Reason: In a vacuum, there is no air resistance. The only force acting on both the marble and the feather is gravity. The acceleration due to gravity ‘g’ is independent of the mass, shape, or size of the falling object ($a = g = \frac{GM}{R^2}$). Therefore, both objects accelerate downwards at the exact same rate and reach the ground simultaneously.

(g) As you climb Mount Everest, the weight of the goods that you carry decreases.

Reason: Weight is calculated as $W = mg$. While the mass ‘m’ of the goods remains constant, the acceleration due to gravity ‘g’ decreases as you climb to a higher altitude. This is because your distance from the center of the Earth ($R+h$) increases. Since $g \propto \frac{1}{(R+h)^2}$, ‘g’ decreases, and consequently, the weight ‘W’ of the goods also decreases.

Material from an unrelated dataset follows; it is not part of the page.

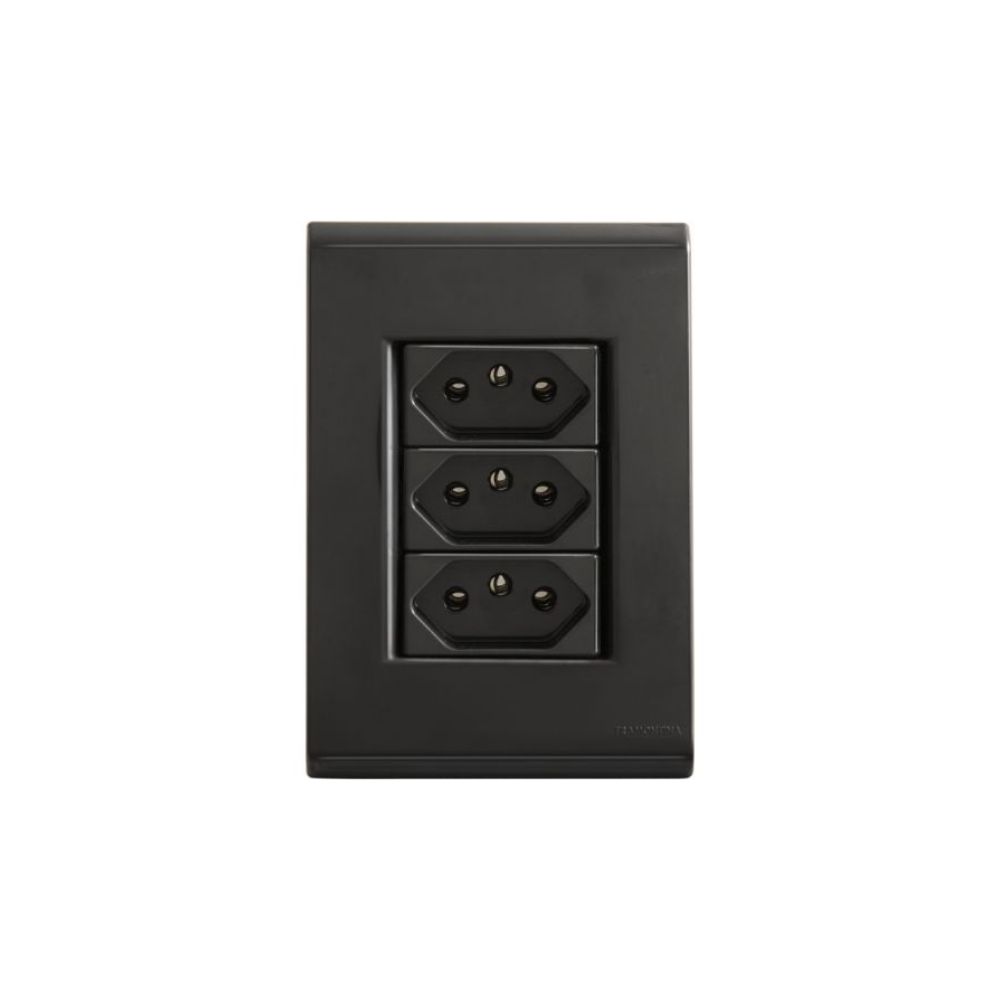 CONJUNTO TRAMONTINA LIZ 4X2 GRAFITE COM PLACA (3 TOMADAS 10A) 57173076

(h) It is difficult to lift a big stone on the surface of the earth, but it is easy to lift a smaller one.

Reason: “Lifting” an object means applying an upward force to overcome its weight. Weight is the force of gravity ($W = mg$). A big stone has a larger mass ‘m’ than a small stone. Therefore, the big stone has a larger weight ‘W’, and a greater upward force is required to lift it.

(i) Mass of an object remains constant but its weight varies from place to place.

Reason: Mass is the fundamental measure of the amount of matter in an object, which does not change regardless of location. Weight, however, is the measure of the gravitational force on that mass ($W = mg$). This force depends on the local acceleration due to gravity ‘g’, which changes based on the planet, altitude, or depth. Thus, an object’s mass is constant, but its weight changes if ‘g’ changes.

(j) One will have an eerie feeling when he/she moves down while playing a Rote Ping.

Reason: This “eerie feeling” is a sensation of partial weightlessness. Our sensation of weight comes from the normal/support force pushing back up on us. When the ride accelerates downwards, the support force from the seat becomes less than your actual weight ($W_{apparent} = mg – ma$). This reduction in the normal force tricks your body into feeling lighter, which can be an “eerie” or “stomach-dropping” sensation.

4. Answer the following questions:

(a) What is gravity?

Answer: Gravity is the specific gravitational force exerted by a large celestial body, like the Earth, on an object on or near its surface. It is the force that pulls objects towards the center of the planet.

(b) State Newton’s universal law of gravitation.

Answer: Newton’s universal law of gravitation states that every particle in the universe attracts every other particle with a force that is directly proportional to the product of their masses and inversely proportional to the square of the distance between their centers.

(c) Write the nature of gravitational force.

Answer: The gravitational force is always an attractive force. It is the weakest of the four fundamental forces of nature, and it acts along the straight line joining the centers of the two masses.

(d) Define gravitational constant (G).

Answer: The gravitational constant (G) is defined as the gravitational force of attraction between two bodies of unit mass (1 kg) each, when their centers are separated by a unit distance (1 m). Its value is $6.674 \times 10^{-11} \text{ Nm}^2/\text{kg}^2$.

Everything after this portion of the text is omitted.